O@0kdd<C-v><C-a>Y<C-v><C-x>gg@a<Esc>"add<C-a>Y<C-x>@a

<C-?> corresponds to Control + ?, and <Esc> to Escape obviously. Each of these count for 1 byte (see meta).

Input

The input file should contain 1 integer per line + 1 blank line at the end, example :

1
2
3
4
5
⁣

We can see each line of the input file as an array element, such as 1 :: 2 :: 3 :: 4 :: 5 :: [], like in some languages (caml for example).

Launch

You can start vi with the following command, and type the solution stroke by stroke :

vi -u NONE input

You can also use this one-liner :

vi -u NONE -c ':exec "norm O@0kdd\<C-v>\<C-a>Y\<C-v>\<C-x>gg@a\<Esc>\"add\<C-a>Y\<C-x>@a"' -c ":w output" -c ':q' input

This should produce a file output with the correct result from an input file input.

Explanations

To introduce the solution, I will first present a 19-bytes solution working only for arrays without 0. This solution uses a recursive macro, used with little modification in the final solution :

Yqa@0ddYgg@aquggY@a

Explanation of a partial solution

Y                       # yank first line (first integer + line break) to "0 register
 qa                     # start recording a macro ("a register)
   @0                   # jump n lines, where n is the content of the "0 register
     dd                 # delete the current line (n+1th line)
       Y                # yank current line (integer after the previously deleted line)
        gg              # go back to the first line
          @a            # recurse on macro "a"
            q           # finish recording the macro
             u          # cancel modifications done by the execution of the macro
              gg        # go back to the first line
                Y@a     # apply the recorded macro with first parameter equal to the first integer

The trick here is to use the "0 register to store the current integer (and the line break, very important). Therefore, the command @0 allows to jump n lines (call n the value of "0). If the jump exceeds the number of lines in the file, the macro will fail, so the program will stop (outside of the array bounds, as required).

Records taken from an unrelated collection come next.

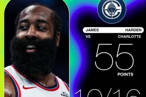 前三科詹库!哈登36岁89天砍下55分 成NBA历史第4老的55+先生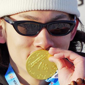 2月24日,冠军山西队选手苏翊鸣在颁奖仪式上亲吻金牌。新华社记者 李嘉南 摄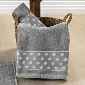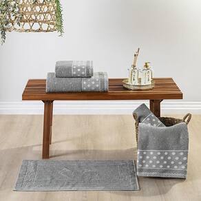 Jogo de Banho Meggy Poá Bolinhas Toalhas Macias 100% Algodão 5 Peças - Cinza Granito Descubra o toque macio e o design elegante do Jogo de Banho Meggy Poá. Composto por 5 peças essenciais - 2 Toalhas de Banho, 2 Toalhas de Rosto e 1 Piso, este conjunto foi pensado para elevar a sua experiência diária de autocuidado, proporcionando conforto e sofisticação.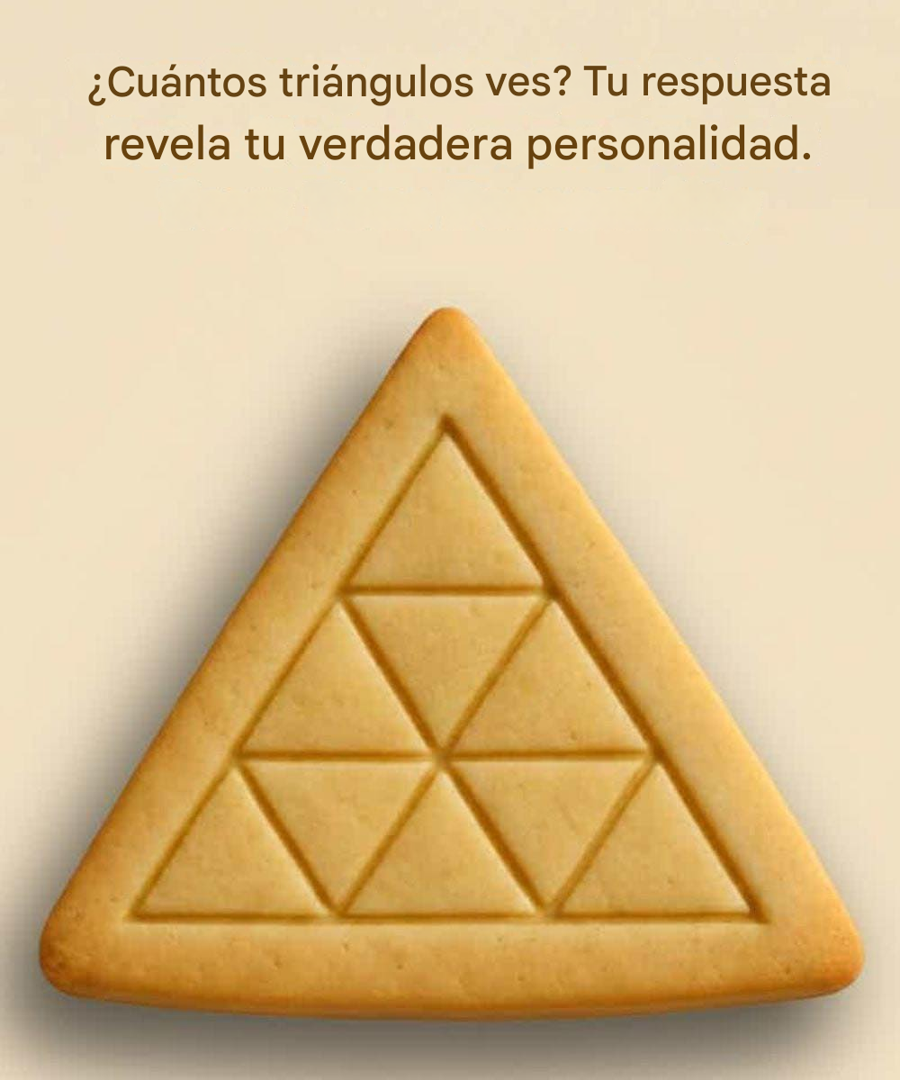 A nuestros cerebros les encantan los atajos. Cuando vemos una forma familiar como un triángulo, tendemos a centrarnos en las formas más obvias e ignoramos las combinaciones que se esconden a simple vista. Esta imagen juega con ese instinto al superponer triángulos dentro de triángulos: algunos apuntando hacia arriba, otros hacia abajo, algunos superpuestos y otros que se forman solo al combinar formas más pequeñas.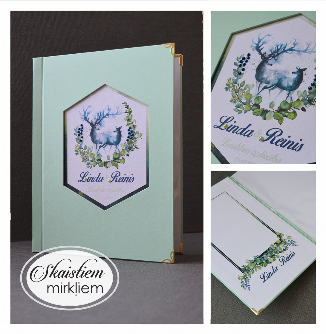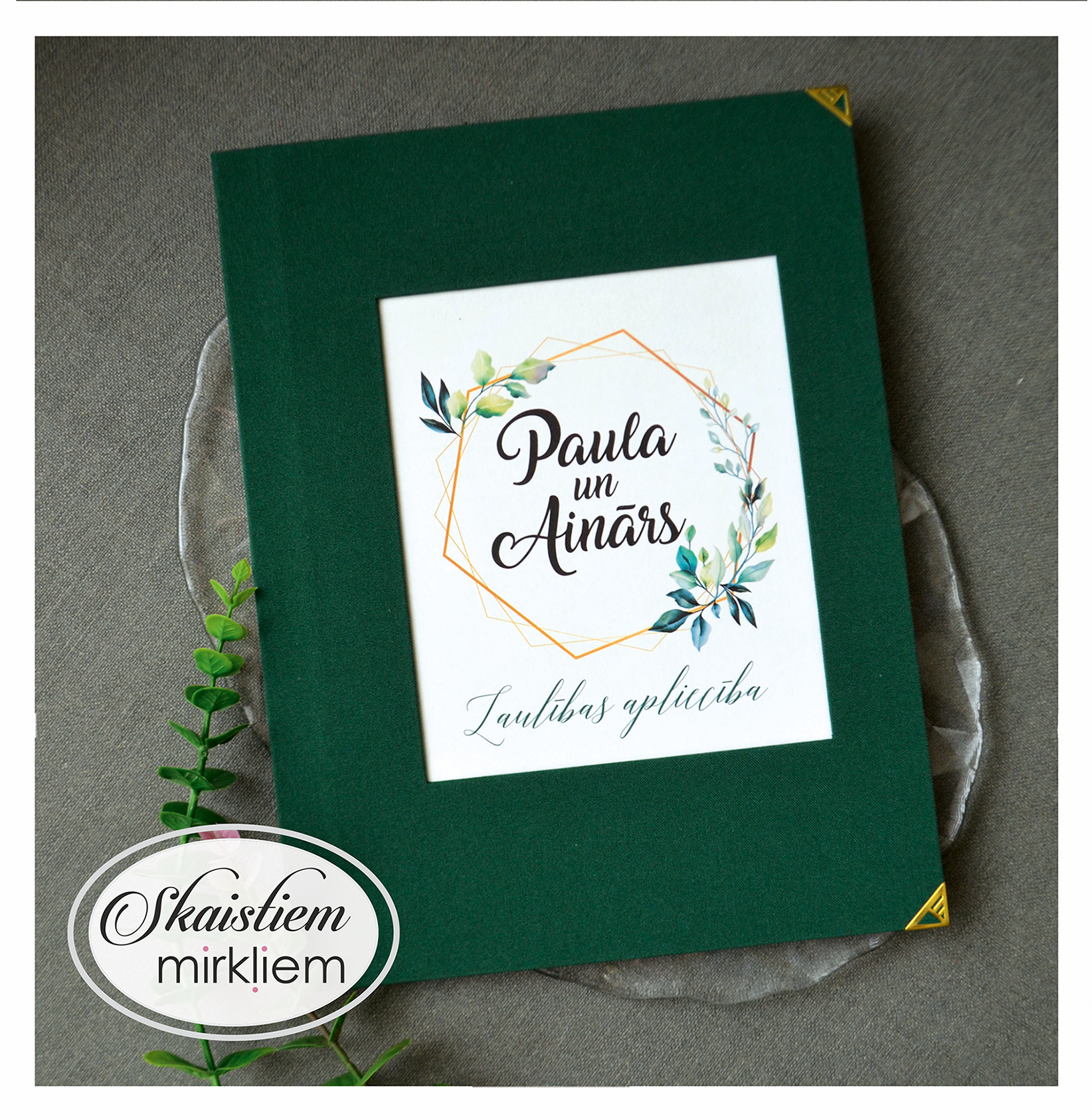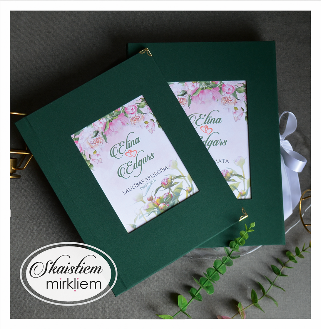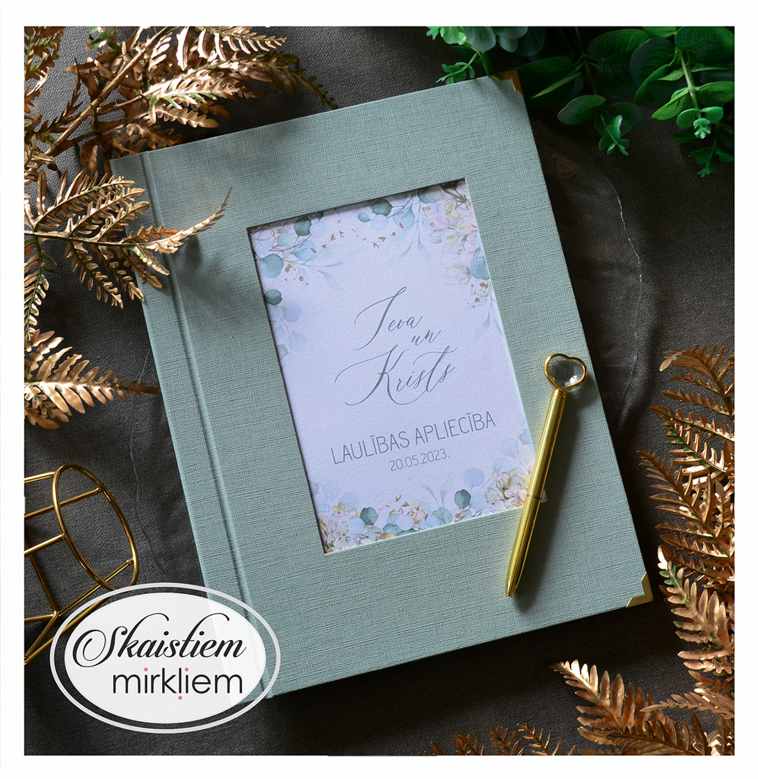 Vākos ir iestrādāta kabatiņa, kurā ievietot dokumentu. Uz iekšējā vāka ir iespēja paredzēt vietu kāzu bildei vai kādam skaistam citātam.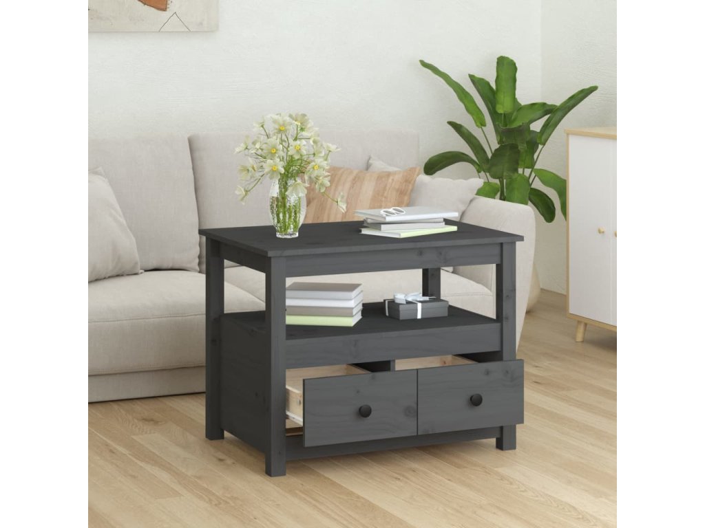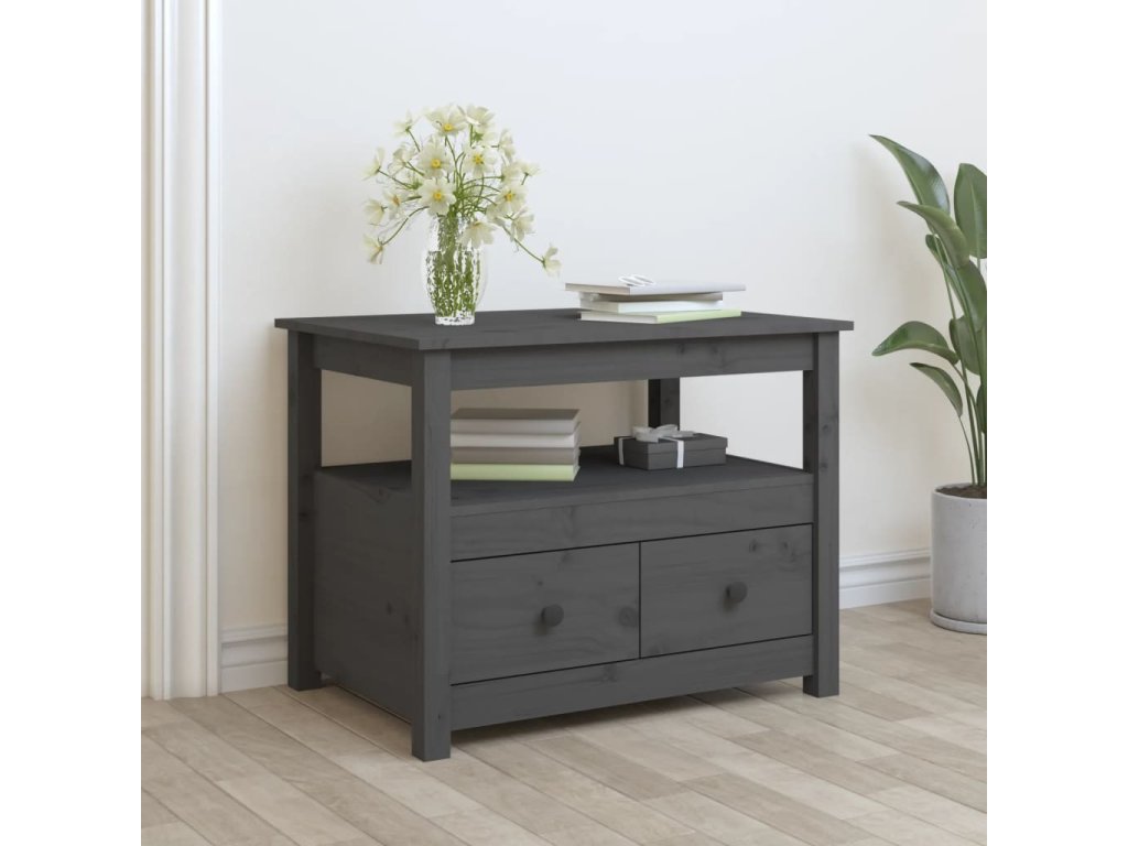 vidaXL Konferenčný stolík sivý 71x49x55 cm borovicový masív
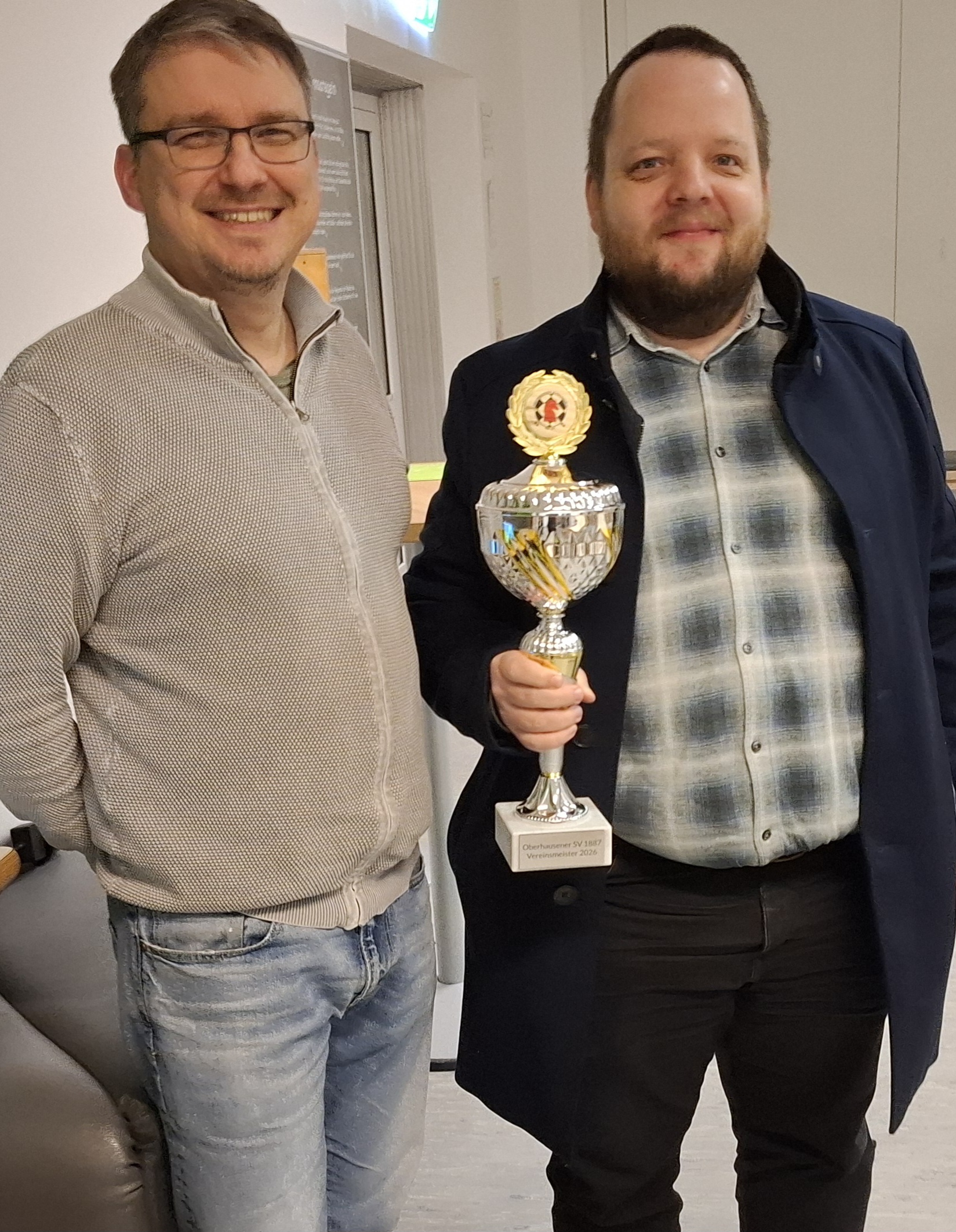 Am 13.01.2026 fand wie geplant die letzte Runde unserer Vereinsmeisterschaft statt. Und diese wurde spannender als so mancher vorab dachte: Tabellenführer Marcel beendete seine Partie relativ früh mit einem Remis. Dies gab seinem Verfolger CM Matthias Kiese die Möglichkeit, durch einen Gewinn seiner Partie doch noch den Titel zu holen, da Matthias eine Runde weniger gespielt und entsprechend eine bessere Zweitwertung vorzuweisen hatte. Nach langem Ringen musste Matthias aber zum Remis einwilligen, was die erfolgreiche Titelverteidigung für Marcel bedeutete – Glückwunsch Marcel Becker!

But this solution does not work if the input contains 0. Indeed, if "0 register value equals 0, then @0 will jump one line (due to the line break), not 0 as we liked. So the next command (dd) won't delete the 0th integer, but the 1st (not correct).

A valid solution to handle the 0 is to always increment the integer before yanking it, and decrement it just after. Thus, the @0 command will jump n+1 lines (n is the current integer that have been incremented). A k command is then necessary to go to line n (previous line). Using this trick, a blank line is needed at the end of the input file, to avoid jumping outside of the array (thus, terminating the program), since we now always jump n+1 lines, before jumping to the previous line.

Explanation of the final solution

O                                                       # insert a new line at the beginning of the file, enter insert mode to write the macro content
 @0                                                     # jump n lines                                                       
   k                                                    # go to the previous line
    dd                                                  # delete this line
      <C-v><C-a>                                        # type Control+A (C-v is needed because we are in insert mode) to increment the current integer
                Y                                       # yank the incremented integer
                 <C-v><C-x>                             # decrement the current integer
                           gg                           # go to the first line
                             @a                         # recurse on macro "a"
                               <Esc>                    # exit insert mode : at this step, the first line of the file contains the macro content @0kdd^AY^Xgg@a
                                    "add                # copy @0kdd^AY^Xgg@a line to the register "a and delete the line
                                        <C-a>           # increment the first integer
                                             Y          # yank it (into "0)
                                              <C-x>     # decrement the first integer
                                                   @a   # apply macro in a" (initial @0 will jump n+1 lines, since we incremented the first integer before calling the macro)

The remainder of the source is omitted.